(Your instructions) Output the listing word for word, minus images.

Top of Supplied records

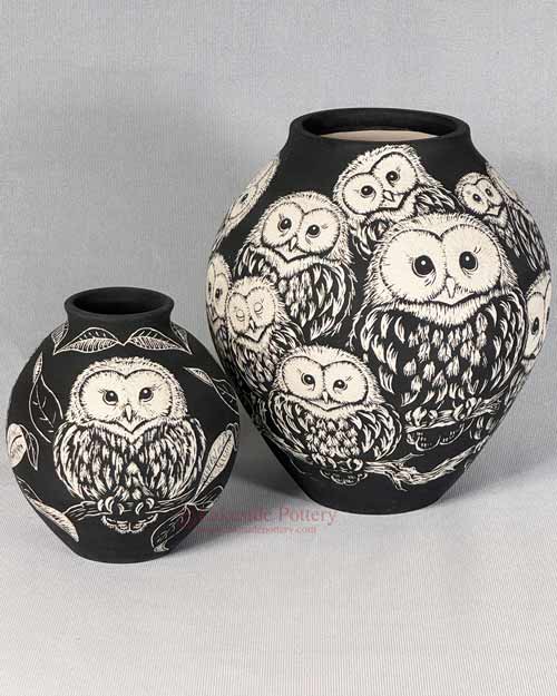 Sgraffito owl vases
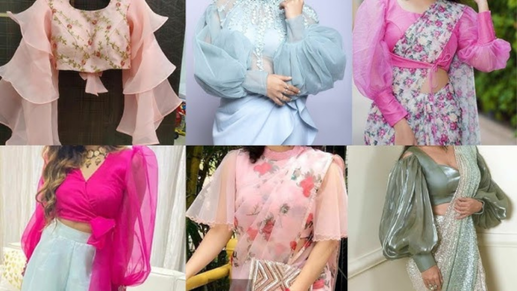 2. शीयर ऑर्गेंजा ब्लाउज़: सॉफ्ट और रोमांटिक अपील
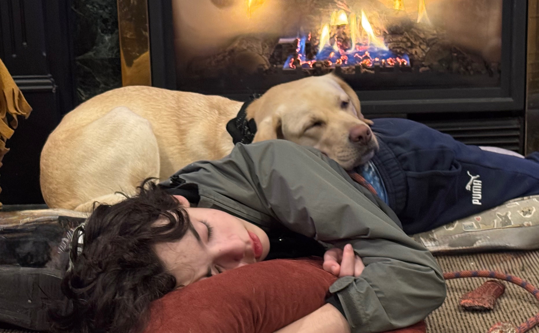 Here is me and my conjoined twin brother, Ryder. I make sure he’s safe and warm. ‘I got his back…got him covered ….laying 6… the cape of his crusading.’ When he calls out my name, he has a friend; winter, and probably spring, summer and fall. He’s got a friend in me …and me in him. BFF’s
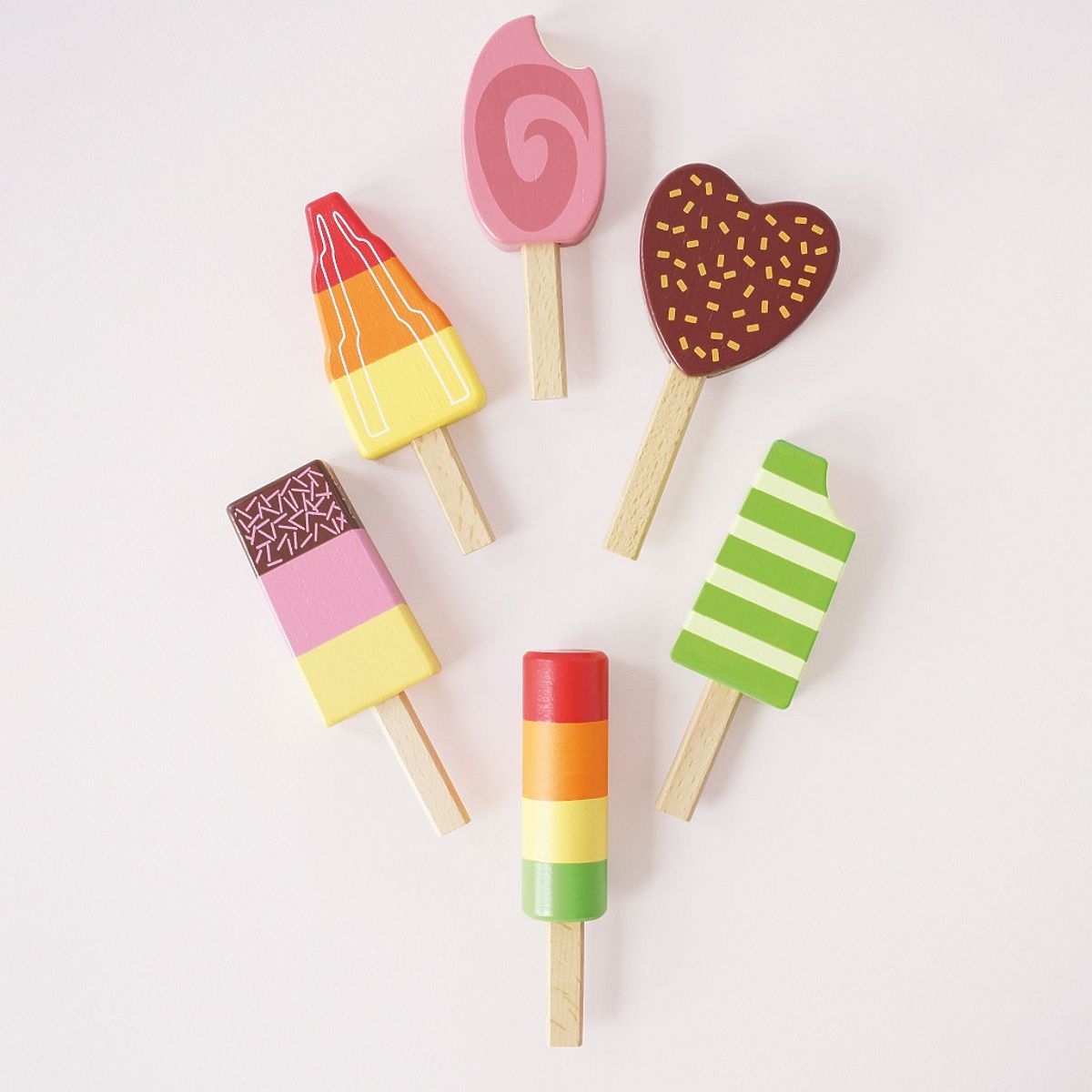Sada šiestich ručne maľovaných nanukov je perfektná pre predstavivú hru. Odolná hračka z pevného kaučukového dreva, ktorá obsahuje aj drevený stojan, v ktorom je možné nanuky servírovať. Čokoládové, ovocné aj smotanové, každý z nich má vlastný realistický dizajn plný detailov. Predstavivá hračka pomôže deťom s rozvojom jemnej motoriky a podporí ich v kreatívnej hre. Ideálny doplnok predajného alebo zmrzlinového stánku. Hračky s účelom Všetky hračky firmy Le Toy Van sú vyrobené s cieľom – aby dlho vydržali. Dizajnované s láskou skúsenými remeselníkmi za použitia etických praktík a udržateľných materiálov, ktoré sú šetrnejšie k našej planéte. Hlavné vlastnosti: vyrobené eticky z udržateľného FSC dreva testované podľa najprísnejších štandardov maľované netoxickými farbami na báze vody inšpiruje k predstavivej hre rozvíja kognitívne zručnosti Ocenenie hračky: Loved By Children Gold Award 2018 Honeybake kolekcia: Hračky v tejto kolekcii sú vhodné na objavovanie, pomôžu deťom s rozvojom predstavivosti, sociálnych a verbálnych zručností a kognitívnych funkcií. Tradičný dizajn s modernými detailmi deti určite bude baviť. Honeybake je kolekcia Le Toy Van, ktorá získala najviac ocenení za dizajn, kvalitu, bezpečnosť a tiež za vzdelávaciu a hernú hodnotu. Značka a certifikát FSC® (Forest Stewardship Council) zaručuje, že drevo, z ktorého bol produkt vyrobený, nebolo ťažené nelegálne a pochádza z lesov obhospodarovaných šetrným či prírode blízkym spôsobom, v ktorom sú dodržiavané prísne environmentálne a sociálne požiadavky. Značka FSC® na výrobku znamená, že svojím nákupom pomáhate chrániť lesy a podporujete šetrné, zodpovedné či prírode blízke hospodárenie, vďaka ktorému sú naše lesy stabilnejšie, zdravšie, majú prirodzenú druhovú skladbu a lepšie odolávajú negatívnym následkom klimatických zmien.
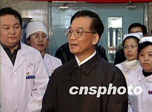 中共中央政治局常委、國務院總理溫家寶十二日下午來到北京佑安醫院,看望參加非典型肺炎防治工作的醫學專家和醫護人員,并向奮戰在非典型肺炎防治工作第一線的廣大醫務人員致以親切慰問。作者:中新社
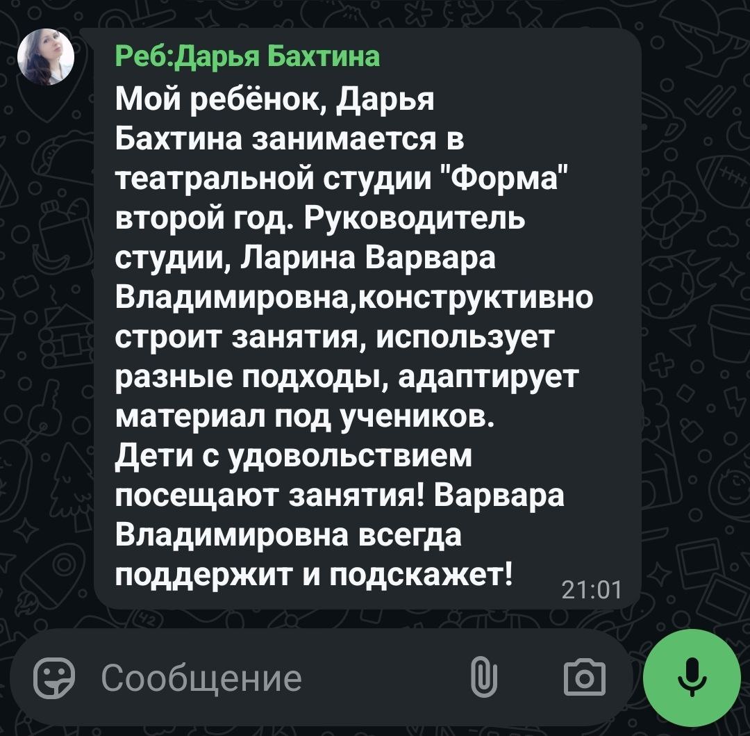 руководитель театральной студии «Форма», педагог по сценическому движению Образцового театра праздника «Гротеск»,
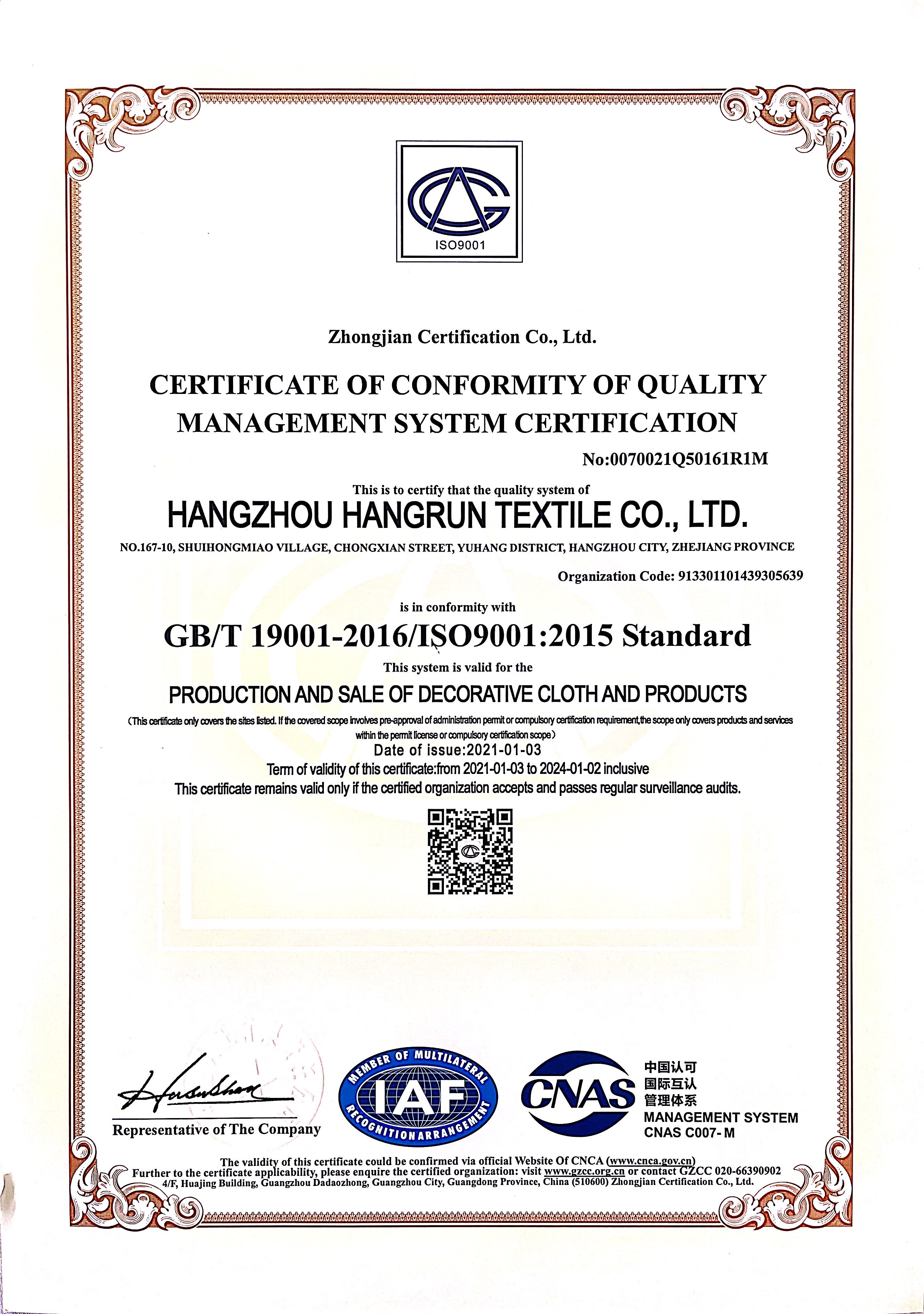 Hangzhou Hangrun Textile Co, Ltd was founded in 1994. After more than ten years of development, the company is currently engaged in the production of indoor fabric decorative products,including upholstery & furnishing fabrics, curtains, cushions, throws,table runners , placemats, rugs , etc. As a large scale enterprise in this industry, it integrates product design, production and sales, boasting the annual output of 6 million meters of upholstery fabrics,, mainly exported to European and American market.
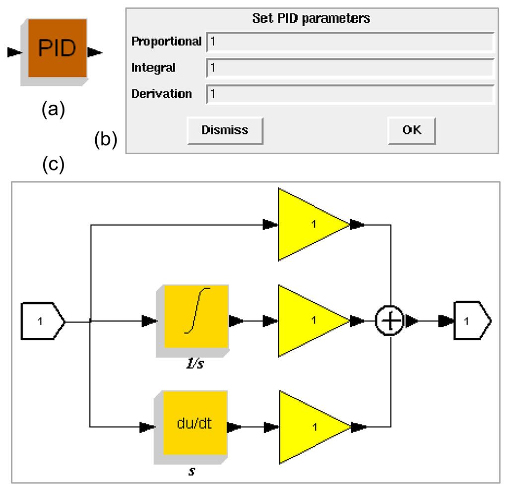 As a simple example, Figure 8 shows the implementation of a PID controller in Scicos []. The PID control algorithm involves three critical parameters, i.e., the Proportional, Integral and Derivative values. The proportional component determines the response to current error. The integral component determines the response with respect to the sum of recent errors. The derivative component determines the response to the change rate of the error. The user can set these three parameters on the dialog box shown in Figure 8(b). The algorithm can be implemented as a (basic) block, see Figure 8(a), or a subsystem that is composed of a number of interconnected blocks, see Figure 8(c).
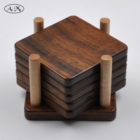 With included support to store the coasters stacked, made in the same wood and with maple rods.
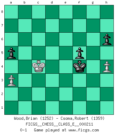 Last move : 0-1 2018 October 7 1:5:15 [Event "FICGS__CHESS__CLASS_E__000211"] [Site "FICGS"] [Date "2018.06.30"] [Round "1"] [White "Wood,Brian"] [Black "Csoma,Robert"] [Result "0-1"] [WhiteElo "1252"] [BlackElo "1359"] 1.d4 Nf6 2.Nf3 d5 3.c4 c6 4.Nc3 e6 5.Bg5 h6 6.Bh4 Be7 7.e3 O-O 8.Bd3 Nbd7 9.O-O dxc4 10.Bxc4 Nb6 11.Bd3 Nfd5 12.Bxe7 Qxe7 13.Rc1 Bd7 14.Nxd5 exd5 15.b3 Rac8 16.Ne5 Be6 17.e4 dxe4 18.Bxe4 Nd5 19.Bxd5 Bxd5 20.Nf3 Qf6 21.Ne5 Qg5 22.Qg4 Qxg4 23.Nxg4 Rfe8 24.Rfe1 Re6 25.Rxe6 Bxe6 26.Ne3 Rd8 27.Rd1 f6 28.f3 Kf7 29.Nc2 c5 30.d5 Rxd5 31.Rxd5 Bxd5 32.Ne3 Be6 33.Kf2 b5 34.Ke2 Ke7 35.Kd3 Kd6 36.f4 g6 37.h3 a5 38.g4 f5 39.gxf5 Bxf5+ 40.Nxf5+ gxf5 41.h4 Kd5 42.a3 c4+ 43.bxc4+ bxc4+ 44.Kc3 Ke4 45.Kxc4 Kxf4 0-1 Queen's pawn game Kingside Castling by player Black (move 7) Kingside Castling by player White (move 9) 10 pieces endgame at move 43 : White KPPPP , Black KPPPP WHITE : King + 4 Pawns BLACK : King + 4 Pawns 9 pieces endgame at move 43 : White KPPP , Black KPPPP WHITE : King + 3 Pawns BLACK : King + 4 Pawns 8 pieces endgame at move 45 : White KPPP , Black KPPP WHITE : King + 3 Pawns BLACK : King + 3 Pawns 7 pieces endgame at move 45 : White KPP , Black KPPP WHITE : King + 2 Pawns BLACK : King + 3 Pawns Player Black won this chess game. Follow this game move after move (download)Avoid the crowd. Do your own thinking independently. Be the Chess player, not the Chess piece. (Ralph Charell) Schach ist mein Leben, meine Leidenschaft, was ich gelernt habe und seit meinem 14. Lebensjahr profimässig praktiziere. Darauf zu verzichten, würde mir sehr schwer fallen. (Viktor Kortschnoi) Algunos sacrificios son sólidos, los demás son míos. (Mikhail Tal) D'abord les bases : Jouez et étudiez, puis étudiez et jouez, ensuite jouez et étudiez, puis étudiez et jouez. Deuxièmement : Donnez toujours le meilleur de vous-même ! (Ken Smith) Don't be irreplaceable, if you can't be replaced, you can't be promoted. (Dan Rotaru)
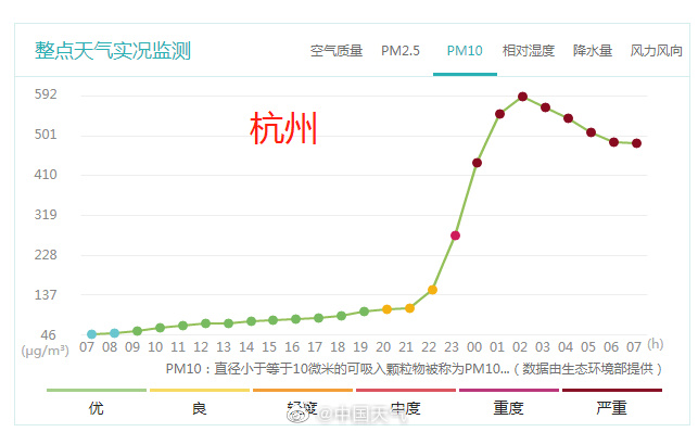 据@中国天气微博消息,沙尘影响已经南下抵达上海、杭州,昨天夜间上海pm10浓度急剧升高,今晨在东风作用下已有所下降,杭州pm10浓度则是从今天凌晨开始明显上升,目前维持较高水平。目前在河南、山东、河北南部、安徽中北部等地pm10浓度仍较高。
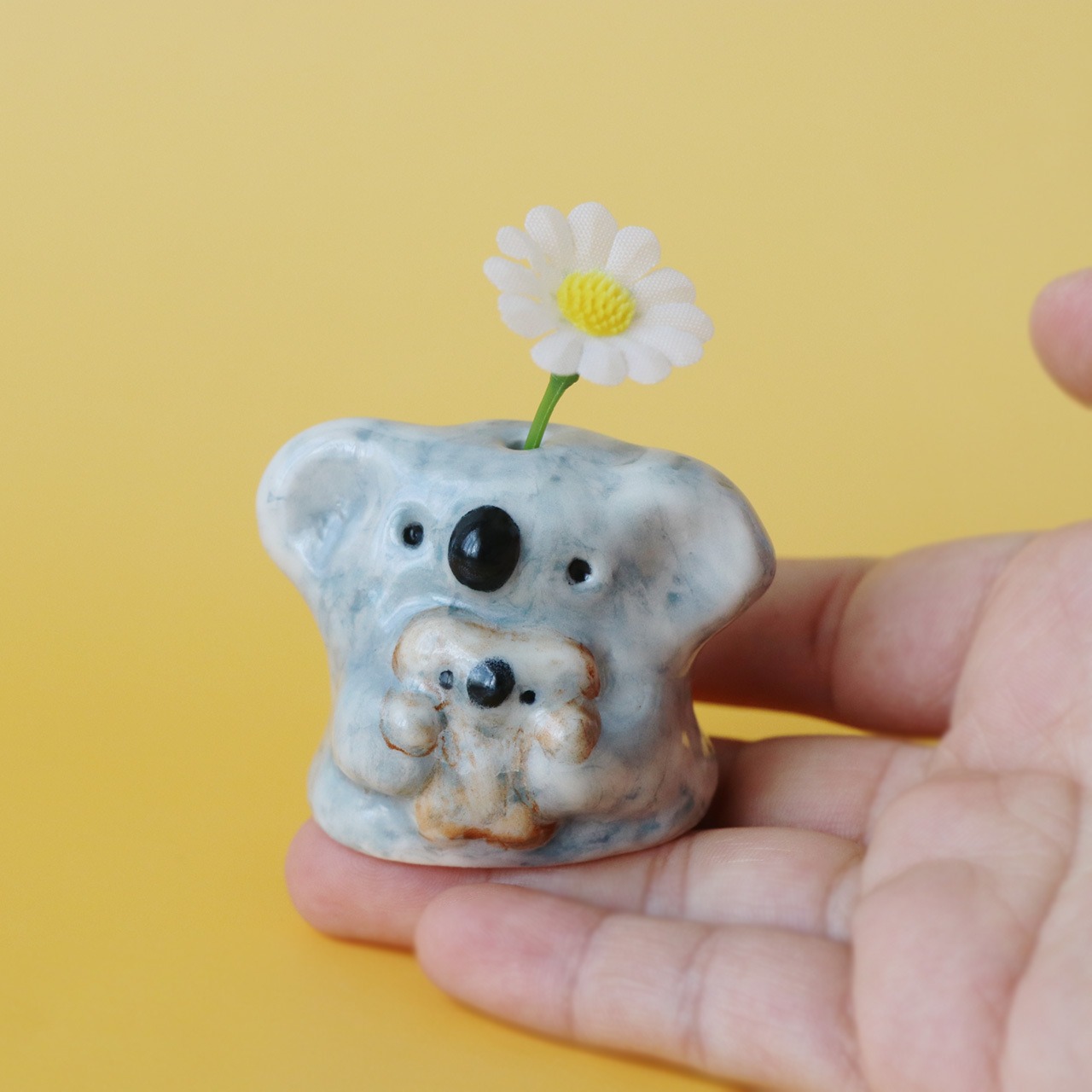 コアラ オブジェ 白 磁土 陶芸 粘土フラワーベース 絵本 童話 手のり ギフト 桜色 動物

Bottom of Supplied records

(Output of the task)
 Sgraffito owl vases
 2. शीयर ऑर्गेंजा ब्लाउज़: सॉफ्ट और रोमांटिक अपील
 Here is me and my conjoined twin brother, Ryder. I make sure he’s safe and warm. ‘I got his back…got him covered ….laying 6… the cape of his crusading.’ When he calls out my name, he has a friend; winter, and probably spring, summer and fall. He’s got a friend in me …and me in him. BFF’s
Sada šiestich ručne maľovaných nanukov je perfektná pre predstavivú hru. Odolná hračka z pevného kaučukového dreva, ktorá obsahuje aj drevený stojan, v ktorom je možné nanuky servírovať. Čokoládové, ovocné aj smotanové, každý z nich má vlastný realistický dizajn plný detailov. Predstavivá hračka pomôže deťom s rozvojom jemnej motoriky a podporí ich v kreatívnej hre. Ideálny doplnok predajného alebo zmrzlinového stánku. Hračky s účelom Všetky hračky firmy Le Toy Van sú vyrobené s cieľom – aby dlho vydržali. Dizajnované s láskou skúsenými remeselníkmi za použitia etických praktík a udržateľných materiálov, ktoré sú šetrnejšie k našej planéte. Hlavné vlastnosti: vyrobené eticky z udržateľného FSC dreva testované podľa najprísnejších štandardov maľované netoxickými farbami na báze vody inšpiruje k predstavivej hre rozvíja kognitívne zručnosti Ocenenie hračky: Loved By Children Gold Award 2018 Honeybake kolekcia: Hračky v tejto kolekcii sú vhodné na objavovanie, pomôžu deťom s rozvojom predstavivosti, sociálnych a verbálnych zručností a kognitívnych funkcií. Tradičný dizajn s modernými detailmi deti určite bude baviť. Honeybake je kolekcia Le Toy Van, ktorá získala najviac ocenení za dizajn, kvalitu, bezpečnosť a tiež za vzdelávaciu a hernú hodnotu. Značka a certifikát FSC® (Forest Stewardship Council) zaručuje, že drevo, z ktorého bol produkt vyrobený, nebolo ťažené nelegálne a pochádza z lesov obhospodarovaných šetrným či prírode blízkym spôsobom, v ktorom sú dodržiavané prísne environmentálne a sociálne požiadavky. Značka FSC® na výrobku znamená, že svojím nákupom pomáhate chrániť lesy a podporujete šetrné, zodpovedné či prírode blízke hospodárenie, vďaka ktorému sú naše lesy stabilnejšie, zdravšie, majú prirodzenú druhovú skladbu a lepšie odolávajú negatívnym následkom klimatických zmien.
 中共中央政治局常委、國務院總理溫家寶十二日下午來到北京佑安醫院,看望參加非典型肺炎防治工作的醫學專家和醫護人員,并向奮戰在非典型肺炎防治工作第一線的廣大醫務人員致以親切慰問。作者:中新社
 руководитель театральной студии «Форма», педагог по сценическому движению Образцового театра праздника «Гротеск»,
 Hangzhou Hangrun Textile Co, Ltd was founded in 1994. After more than ten years of development, the company is currently engaged in the production of indoor fabric decorative products,including upholstery & furnishing fabrics, curtains, cushions, throws,table runners , placemats, rugs , etc. As a large scale enterprise in this industry, it integrates product design, production and sales, boasting the annual output of 6 million meters of upholstery fabrics,, mainly exported to European and American market.
 As a simple example, Figure 8 shows the implementation of a PID controller in Scicos []. The PID control algorithm involves three critical parameters, i.e., the Proportional, Integral and Derivative values. The proportional component determines the response to current error. The integral component determines the response with respect to the sum of recent errors. The derivative component determines the response to the change rate of the error. The user can set these three parameters on the dialog box shown in Figure 8(b). The algorithm can be implemented as a (basic) block, see Figure 8(a), or a subsystem that is composed of a number of interconnected blocks, see Figure 8(c).
 With included support to store the coasters stacked, made in the same wood and with maple rods.
 Last move : 0-1 2018 October 7 1:5:15 [Event "FICGS__CHESS__CLASS_E__000211"] [Site "FICGS"] [Date "2018.06.30"] [Round "1"] [White "Wood,Brian"] [Black "Csoma,Robert"] [Result "0-1"] [WhiteElo "1252"] [BlackElo "1359"] 1.d4 Nf6 2.Nf3 d5 3.c4 c6 4.Nc3 e6 5.Bg5 h6 6.Bh4 Be7 7.e3 O-O 8.Bd3 Nbd7 9.O-O dxc4 10.Bxc4 Nb6 11.Bd3 Nfd5 12.Bxe7 Qxe7 13.Rc1 Bd7 14.Nxd5 exd5 15.b3 Rac8 16.Ne5 Be6 17.e4 dxe4 18.Bxe4 Nd5 19.Bxd5 Bxd5 20.Nf3 Qf6 21.Ne5 Qg5 22.Qg4 Qxg4 23.Nxg4 Rfe8 24.Rfe1 Re6 25.Rxe6 Bxe6 26.Ne3 Rd8 27.Rd1 f6 28.f3 Kf7 29.Nc2 c5 30.d5 Rxd5 31.Rxd5 Bxd5 32.Ne3 Be6 33.Kf2 b5 34.Ke2 Ke7 35.Kd3 Kd6 36.f4 g6 37.h3 a5 38.g4 f5 39.gxf5 Bxf5+ 40.Nxf5+ gxf5 41.h4 Kd5 42.a3 c4+ 43.bxc4+ bxc4+ 44.Kc3 Ke4 45.Kxc4 Kxf4 0-1 Queen's pawn game Kingside Castling by player Black (move 7) Kingside Castling by player White (move 9) 10 pieces endgame at move 43 : White KPPPP , Black KPPPP WHITE : King + 4 Pawns BLACK : King + 4 Pawns 9 pieces endgame at move 43 : White KPPP , Black KPPPP WHITE : King + 3 Pawns BLACK : King + 4 Pawns 8 pieces endgame at move 45 : White KPPP , Black KPPP WHITE : King + 3 Pawns BLACK : King + 3 Pawns 7 pieces endgame at move 45 : White KPP , Black KPPP WHITE : King + 2 Pawns BLACK : King + 3 Pawns Player Black won this chess game. Follow this game move after move (download)Avoid the crowd. Do your own thinking independently. Be the Chess player, not the Chess piece. (Ralph Charell) Schach ist mein Leben, meine Leidenschaft, was ich gelernt habe und seit meinem 14. Lebensjahr profimässig praktiziere. Darauf zu verzichten, würde mir sehr schwer fallen. (Viktor Kortschnoi) Algunos sacrificios son sólidos, los demás son míos. (Mikhail Tal) D'abord les bases : Jouez et étudiez, puis étudiez et jouez, ensuite jouez et étudiez, puis étudiez et jouez. Deuxièmement : Donnez toujours le meilleur de vous-même ! (Ken Smith) Don't be irreplaceable, if you can't be replaced, you can't be promoted. (Dan Rotaru)
 据@中国天气微博消息,沙尘影响已经南下抵达上海、杭州,昨天夜间上海pm10浓度急剧升高,今晨在东风作用下已有所下降,杭州pm10浓度则是从今天凌晨开始明显上升,目前维持较高水平。目前在河南、山东、河北南部、安徽中北部等地pm10浓度仍较高。
 コアラ オブジェ 白 磁土 陶芸 粘土フラワーベース 絵本 童話 手のり ギフト 桜色 動物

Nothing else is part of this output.